[Sedation and analgesia in intensive therapy]

M Pjević, R Kolak, M Komarcević
Medicinski Pregled 1998, 51 (11-12): 509-17

INTRODUCTION: In the operating room, anaesthetist must provide unconsciousness, analgesia and muscular relaxation. In intensive therapy (IT), the rules are different and not every patient requires sedation, but almost every patient needs analgesia. The patient who is alert, calm and comfortable despite the presence of tubes and cannulas in the nose, mouth, radial artery, central vein, urethra, surgical wounds, pleural space etc. does not need any sedation. However, sedation and analgesia are clinically inseparable. If mechanical ventilation is not well controlled, muscular relaxants must be prescribed. There are a lot of trials in formulating an ideal sedative/analgesic regimen for each individual patient.

THE RISKS OF SEDATION AND ANALGESICS: It is not rare that IT patients are oversedated or undersedated. Undersedation is followed by anxiety, pain, hypertension, tachycardia. The most important effect of oversedation is respiratory depression, hypotension, bradycardia, CNS depression, renal dysfunction, immunological depression.

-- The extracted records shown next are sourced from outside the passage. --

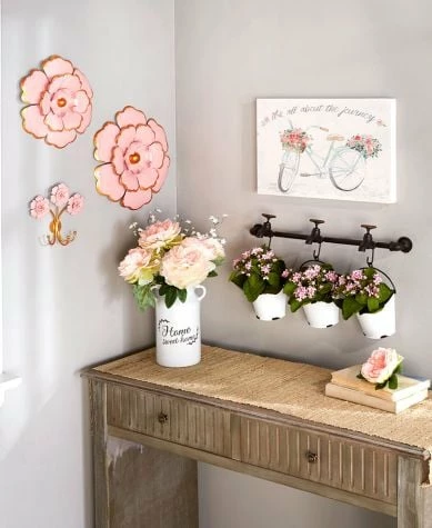 Find unique home decor accents in our Flower Market Collection. The Enamel Bucket Wall Hanging makes a great statement piece. It features 3 hanging buckets to fill with your own faux greenery and 3 faucets which seem to be watering the faux plants. Flower Wall Hooks have 3 flowers and 3 hooks. Metal Wall Flowers are available in Small and Large. Each pink flower is accented with gold at the edge of the petals and in the flower’s center. The Ceramic Vase reads, “Home Sweet Home.” Fill it with your own fresh or faux flowers. About the Journey Wall Hanging features a flower-filled bicycle. Enamel Bucket Wall Hanging21-3/4″W x 5″D x 12-1/2″HMetalAssembly required; assembly hardware includedFlower Wall Hooks7-1/2″W x 2-1/4″D x 7-1/8″HMetalMetal Wall FlowersSmall, 10-3/4″ dia. x 1-3/4″HLarge, 13-1/2″ dia. x 1-3/4″HReady to hangMetalCeramic Vase 6-1/2″W x 5-1/4″D x 9-3/4″HAbout the Journey Wall Hanging18″W x 12″L MDFArrives ready to hang
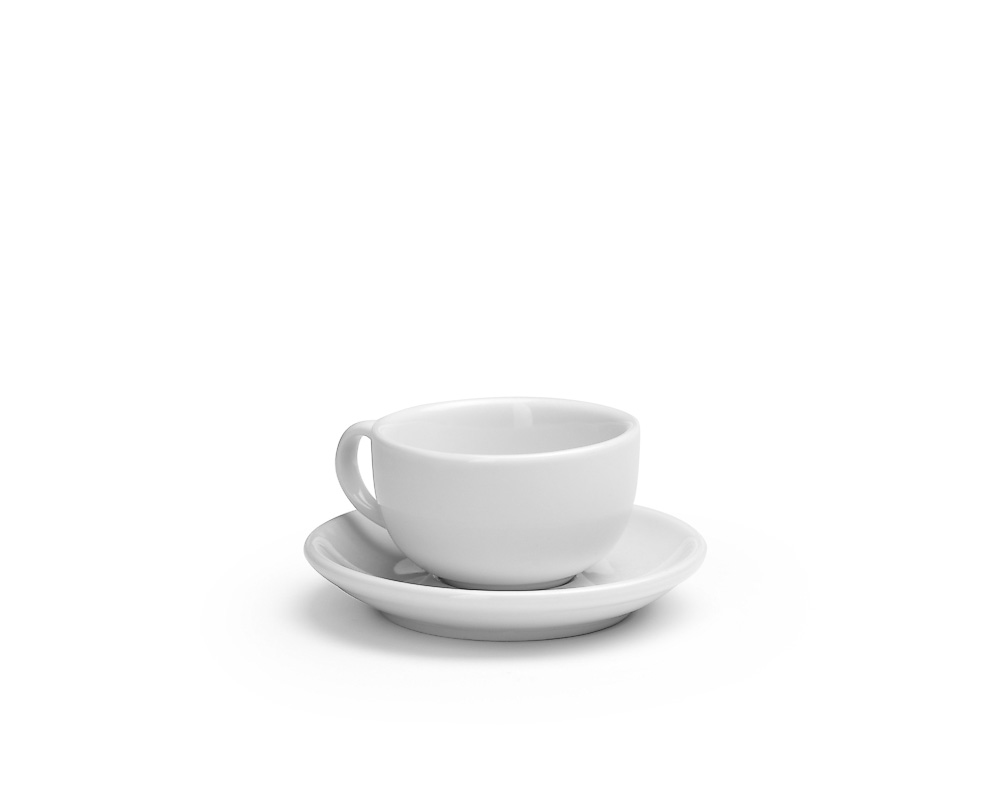 Vit Espressokopp med fat. I hållbart fältspatsporslin från Mayfair. Finns också en cappuccionokopp.
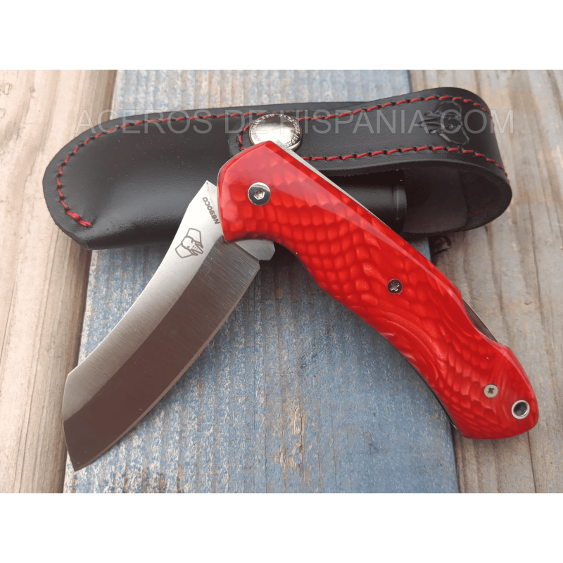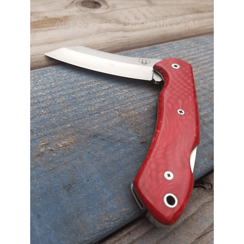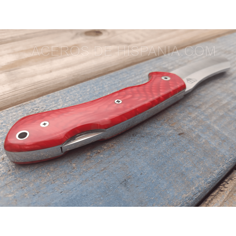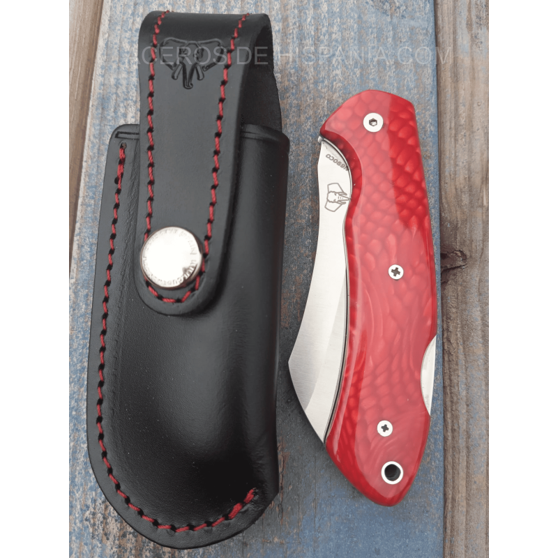 La poignée est fabriquée en Juma Roja, un matériau synthétique d’une grande beauté qui simule les veines naturelles, donnant un look exclusif et sophistiqué. Chaque pièce est unique, car le motif du grain peut varier, ce qui fait de chaque couteau un travail non remplaçable. Son système de verrouillage confortable assure la sécurité pendant l’utilisation, et le design ergonomique de la poignée, 10,5 cm, assure une prise en main ferme et confortable.
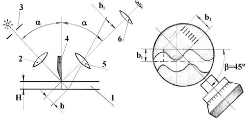 Метод светового сечения заключается в следующем: пучок световых лучей, поступающих от источника света через узкую щель 3 (рисунок 1.17, а) шириной около 0,1 мм, направляется объективом 2 под углом
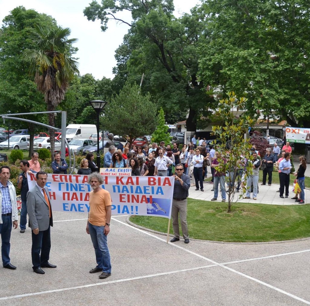 Διαδήλωση των καθηγητών της Α’ ΕΛΜΕ Πέλλας πραγματοποιήθηκε σήμερα (17/5) στο Διοικητήριο Πέλλας, εκφράζοντας την αντίθεσή τους στα μέτρα που προωθεί η κυβέρνηση.
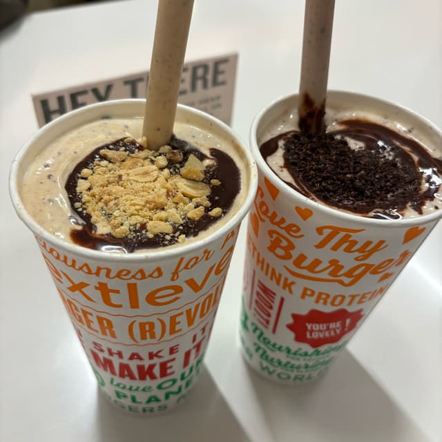 One of my favorite vegan burger joints! Mainly because I LOVE the milkshakes. We got the cookies n cream and peanut better 🥹
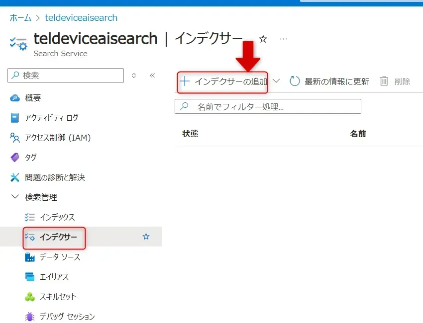 - Azure AI Search の左メニューに「インデクサー」という項目を選択し、「+ インデクサーの追加」を選択します。
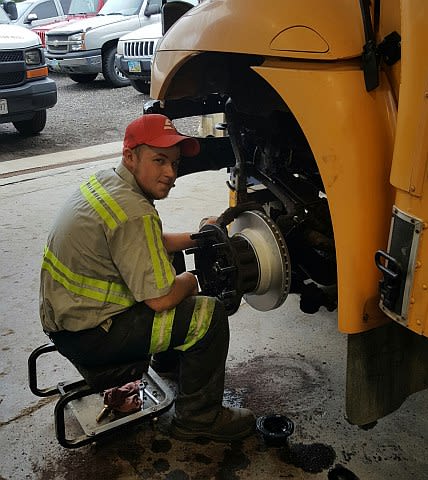 Prioritizing routine maintenance can prevent inspection violations. Austin Hamlin, a mechanic for school bus contractor VAT, performs routine brake service.
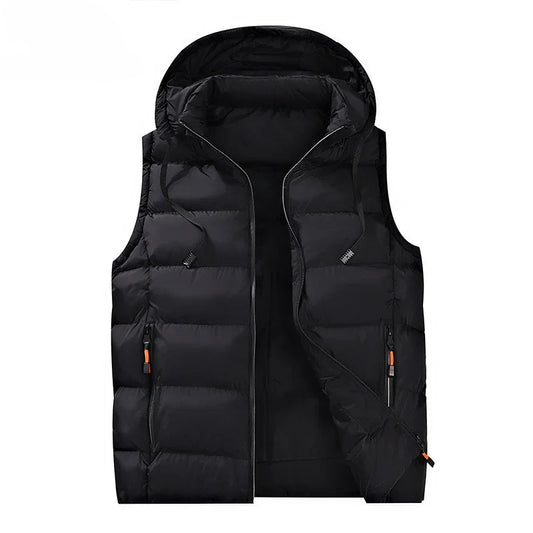 Warm Men’s Hooded Vest - Quilted Polyester, Winter Layering
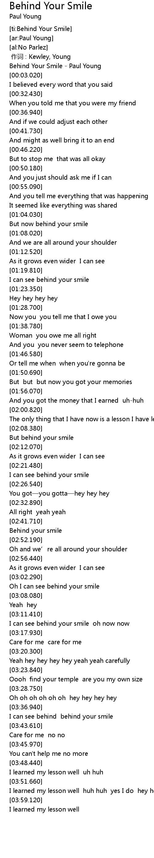 | [00:01.770] | Behind Your Smile - Paul Young |
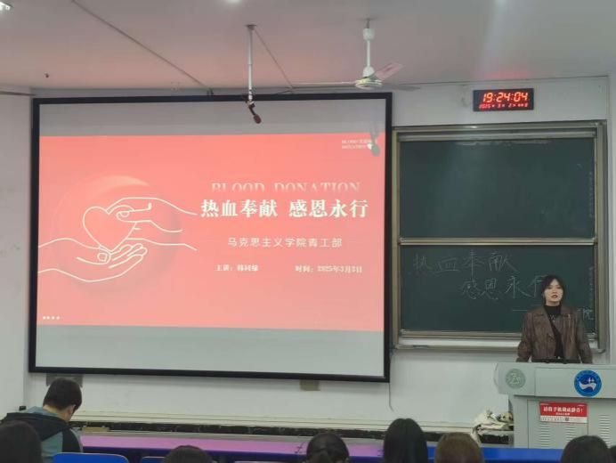 3月2日晚,马克思主义学院2024级全体同学于致远楼进行“热血奉献,感恩永行”为主题的献血动员活动。本次活动旨在普及无偿献血的相关知识,弘扬无私奉献的精神,增强高校青年的社会责任感与奉献意识。
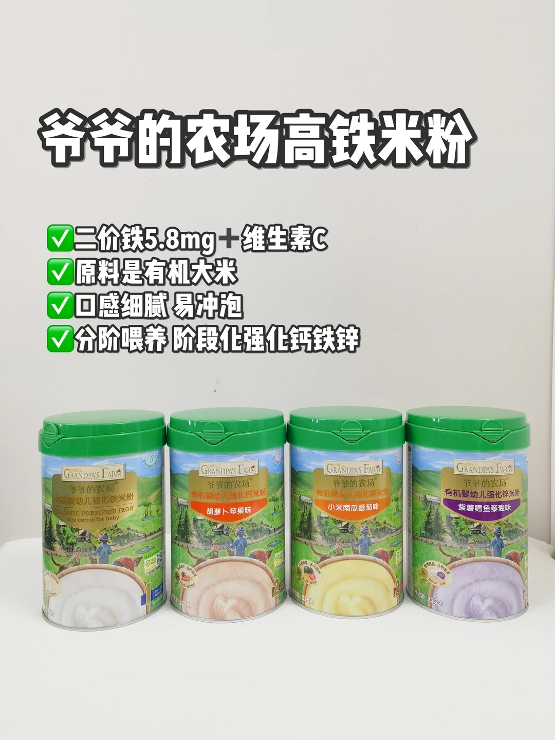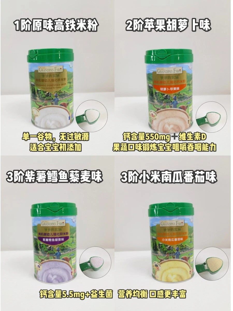 做了很多攻略,我选了爷爷的农场米粉,它的原料是有机大米,口感细腻比较好冲泡,更重要的是,爷爷的农场米粉含有二价铁搭配维生素C,铁含量高达5.8mg/100mg,可以满足宝宝的铁元素需求❤️包装都是密封罐装,更易储存
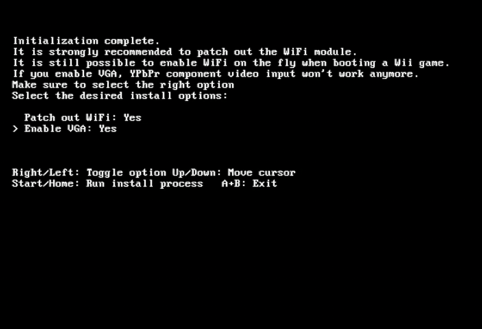 Before proceeding, your Wii must be "softmodded" with the Homebrew Channel. The definitive guide for this can be found at Wii Hacks Guide. After the Homebrew Channel is installed, proceed with the instructions for Installing RVLoader.
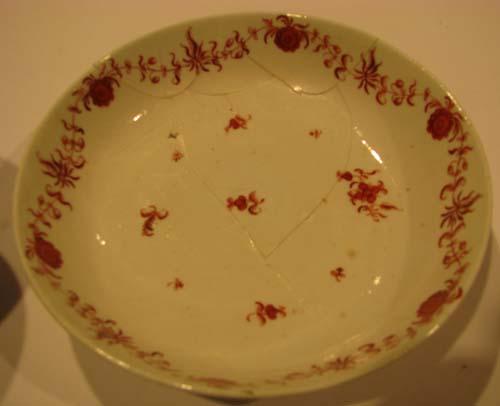 Condition: In generally good condition apart from saucer having been broken extensively and reglued with a small area of loss, a repaired crack at the rim of one of the urns.
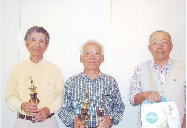 記念写真に納まるAクラス優勝の伊与田さん㊥と準優勝の村田さん㊨、Bクラス優勝の山田さん(提供)
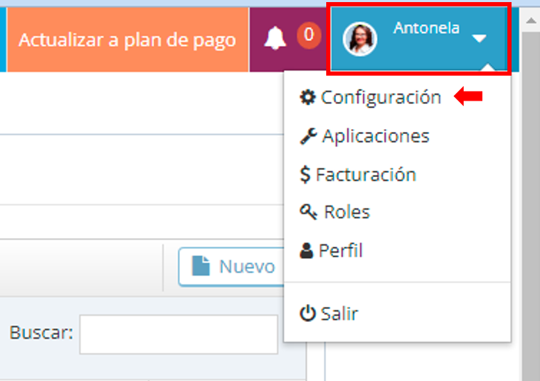 1. Para ingresar a la sección de "Configuración", haga click donde se encuentra su nombre de usuario en la barra superior y luego a "Configuración".
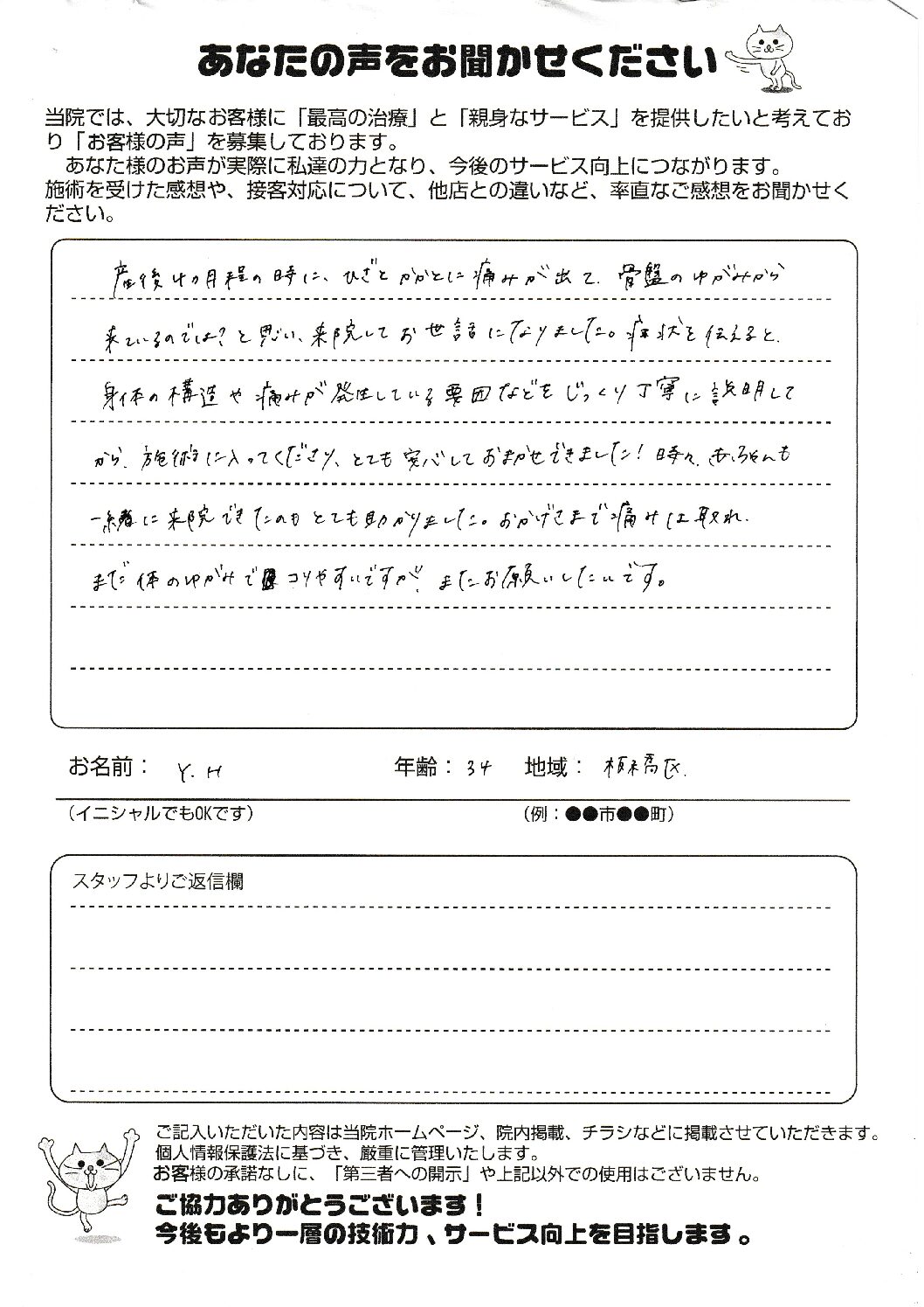 スッキリしない毎日を送られていたとのことで、大変お辛かったですよね。ひざの痛みの改善を実感いただけ、足の運びが楽になられたこと、私共も嬉しく思います。
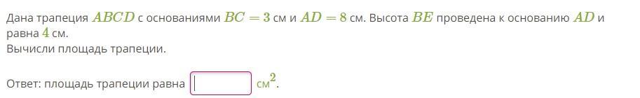 Ответ 55см кв S=(BC+AD)•0,5•BE=(3+8)•0,5•10=55 см кв
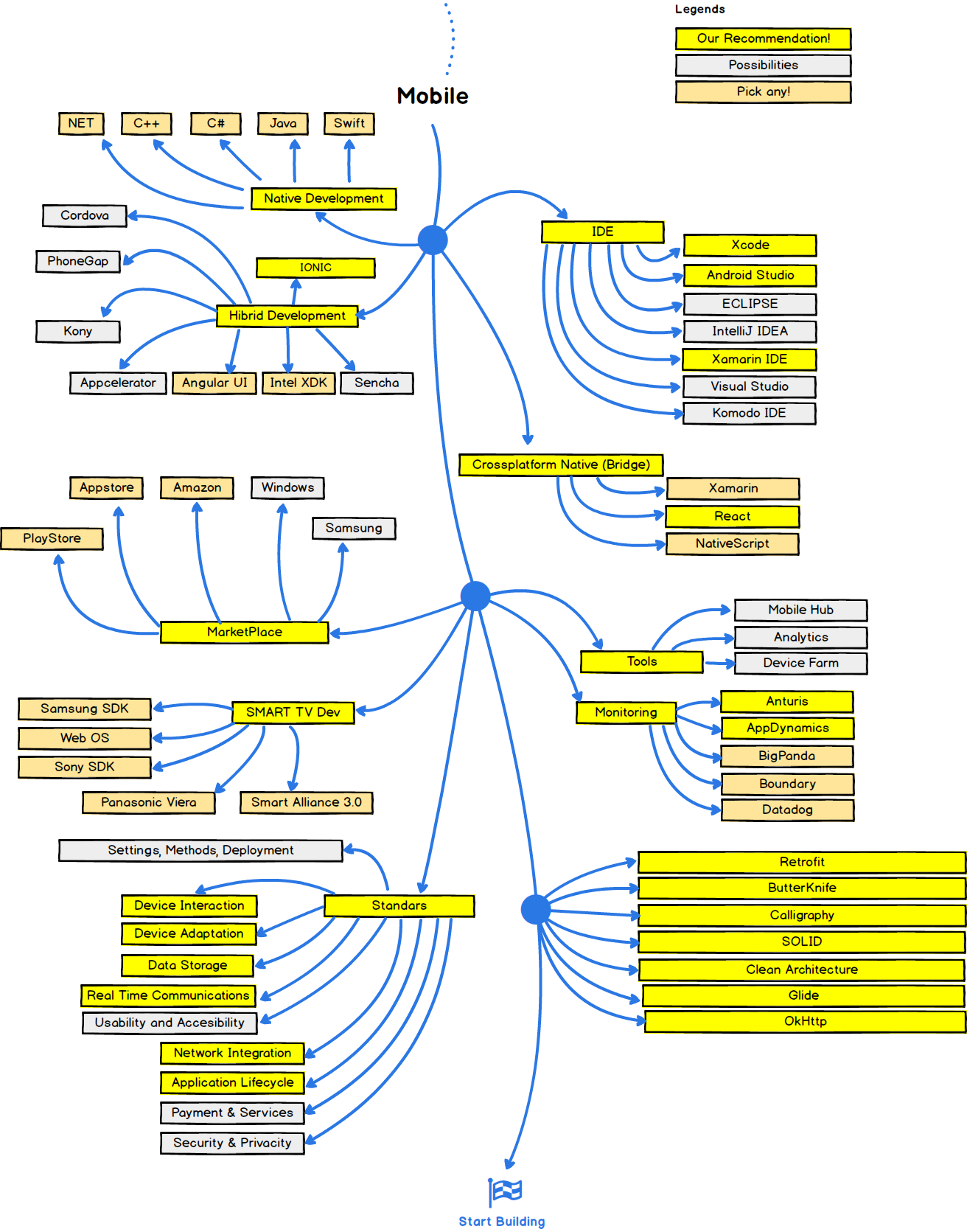 Below you find a set of charts demonstrating the paths that you can take and the technologies that you would want to adopt in order to become a frontend, backend or a devops. I made these charts for an old professor of mine who wanted something to share with his college students to give them a perspective.
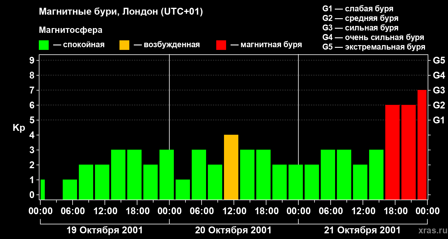 Магнитные бури в Лондоне — 21 октября 2001 года
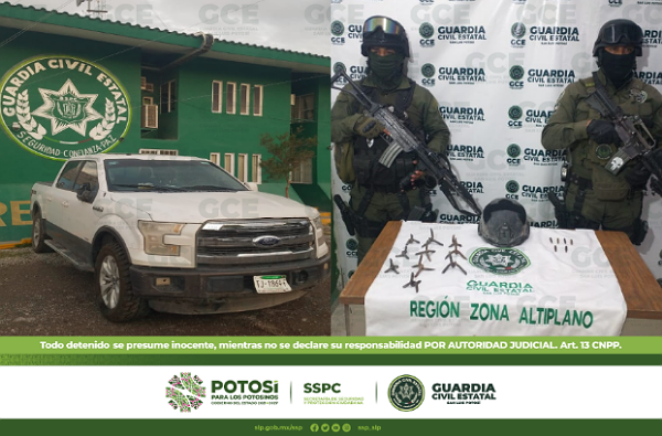 En el marco de la estrategia integral de seguridad desplegada en las cuatro regiones del territorio potosino, agentes de la Guardia Civil Estatal, ubicaron una camioneta abandonada en cuyo interior había “poncha llantas” y cartuchos útiles.

SEDATIVES AND HYPNOTICS: Benzodiazepines are among the most widely used drugs in IT. They have sedative, hypnotic, anxyolytic, amnestic, anticonvulsant and myorelaxant effects. Prolonged continuous infusion of benzodiazepines ought to be escaped because of prolonged sedation, accumulation and presence of pharmacologically active metabolites. They have proved to be safe, although they can depress ventilation. Since benzodiazepines are not analgesics, the combined use of an opioid and benzodiazepines is necessary. Many different benzodiazepines are available, but the agents most commonly used in critically ill are: midazolam, diazepam and lorazepam. Midazolam is the most extensively used.

PSYCHOTROPIC DRUGS: The most frequently used drugs in the group of the butyrophenones are droperidol and haloperidol. Although these drugs are chemically unrelated to the phenothiazines they have similar actions.

ANALGESICS: Opioids have the main place in management of analgesia in IT, especially in patients on mechanical ventilation. In management of postoperative analgesia, epidural route has advantage because less drug is necessary and cardiovascular and respiratory effects are minimal. Morphine is a standard opioid to which all others are compared. Intravenous bolus dose is 1-5 mg (0.1-0.15 mg/kg) or continuous infusion 2-15 mg/h. Hypotensive effect is caused by direct vasodilation and relief of histamine. Morphine has long elimination half-time and there is a danger of acummulation after prolonged administration. Morphine metabolites are pharmacologically active and renally eliminated. Prolonged i.v. infusion needs careful titration because of tolerance. Pethidine is less potent than morphine, usually given as a bolus dose (10 mg) or a continuous i.v. infusion (10-20 mg/h). Other opioid agents used in IT are: fentanil, alfentanil, sufentanil. Non-steroidal anti-inflammatory drugs (NSAID-s) are: aspirin, ibuprofen, ketoprofen, diclofenac, ketorolac. NSAID-s may have an opioid sparing effect and be of particular benefit for the relief of pain from bones and joints. They interfere with the metabolism at the site of the sensory nerve terminals. Several chemicals are released locally in response to tissue injury. Arachidonic acid is produced from damaged cell membranes. One series reactions is mediated by the enzyme cyclo-oxygenase (COX) and results in the formation of prostaglandins, prostacyclins and thromboxane. The cyclo-oxygenase pathway is inhibited by NSAID-s. These analgesics, besides peripherally, also work centrally by mechanisms which are not in connection with COX inhibition.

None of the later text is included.